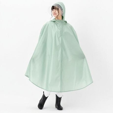 【自転車通勤の強い味方】ヘルメット対応フードと前かご丸ごとカバーで、雨の日も安心。【撥水加工で雨をはじく】裏面ポリウレタンコーティングが雨粒をしっかりはじき、濡れを気にせず走れる快適さ◎【前かごまで包む安心】自転車の前かごまですっぽり包み込む広いシルエットで、雨の日の荷物もしっかり守る♪【ヘルメットもすっぽり】ヘルメットを装着したままかぶれるフード設計で、雨の日の自転車通勤もストレスなし!【首元まで自在にフィット】フード口の絞り調節と首元ファスナーで、顔まわりのフィット感を思いどおりに設定可能。【夜道も光って安全】リフレクター付きで夜間の自転車走行中も光を反射し、暗い道での視認性をしっかり確保〇
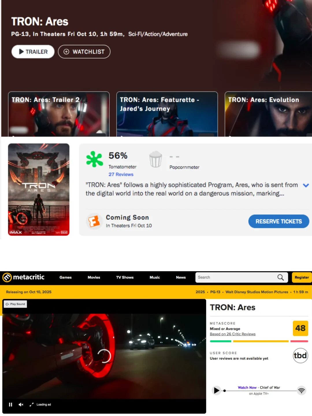 😓 迪士尼时隔多年推出的续集超级大片《创:战神》媒体口碑出炉,烂番茄56%的新鲜度让人捏一把汗,MTC也只有48分,属于不及格的水平。
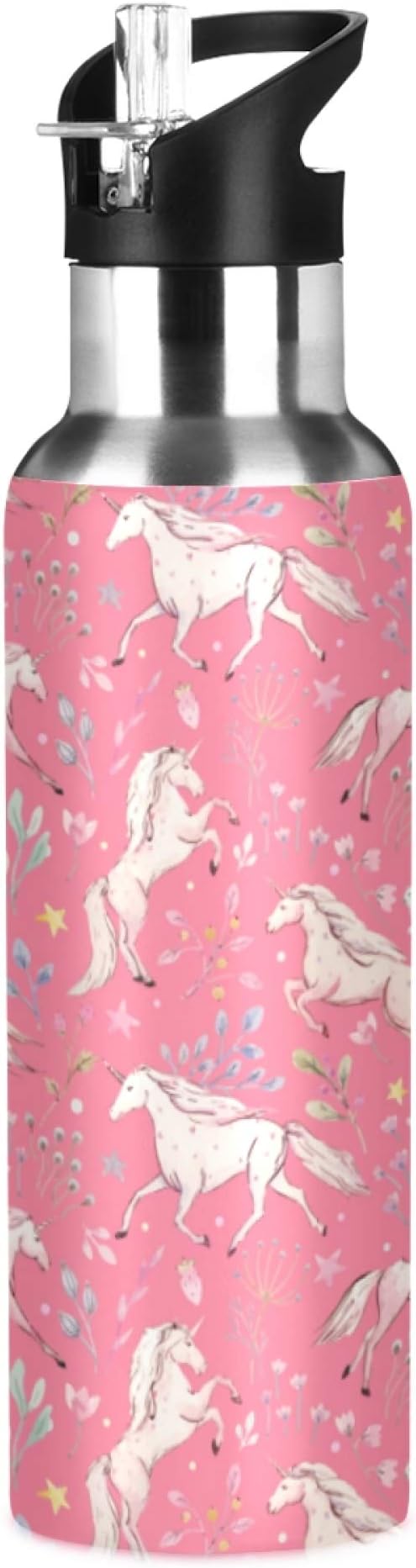 MNSRUU Insulated Water Bottle with Straw, Rainbow and Unicorns Stainless Steel Flasks for Sports Cycling Hiking School
....................
A verbatim transcript of the material above, with images dropped, is the expected output.

EXPECTED OUTPUT —
 【自転車通勤の強い味方】ヘルメット対応フードと前かご丸ごとカバーで、雨の日も安心。【撥水加工で雨をはじく】裏面ポリウレタンコーティングが雨粒をしっかりはじき、濡れを気にせず走れる快適さ◎【前かごまで包む安心】自転車の前かごまですっぽり包み込む広いシルエットで、雨の日の荷物もしっかり守る♪【ヘルメットもすっぽり】ヘルメットを装着したままかぶれるフード設計で、雨の日の自転車通勤もストレスなし!【首元まで自在にフィット】フード口の絞り調節と首元ファスナーで、顔まわりのフィット感を思いどおりに設定可能。【夜道も光って安全】リフレクター付きで夜間の自転車走行中も光を反射し、暗い道での視認性をしっかり確保〇
 😓 迪士尼时隔多年推出的续集超级大片《创:战神》媒体口碑出炉,烂番茄56%的新鲜度让人捏一把汗,MTC也只有48分,属于不及格的水平。
 MNSRUU Insulated Water Bottle with Straw, Rainbow and Unicorns Stainless Steel Flasks for Sports Cycling Hiking School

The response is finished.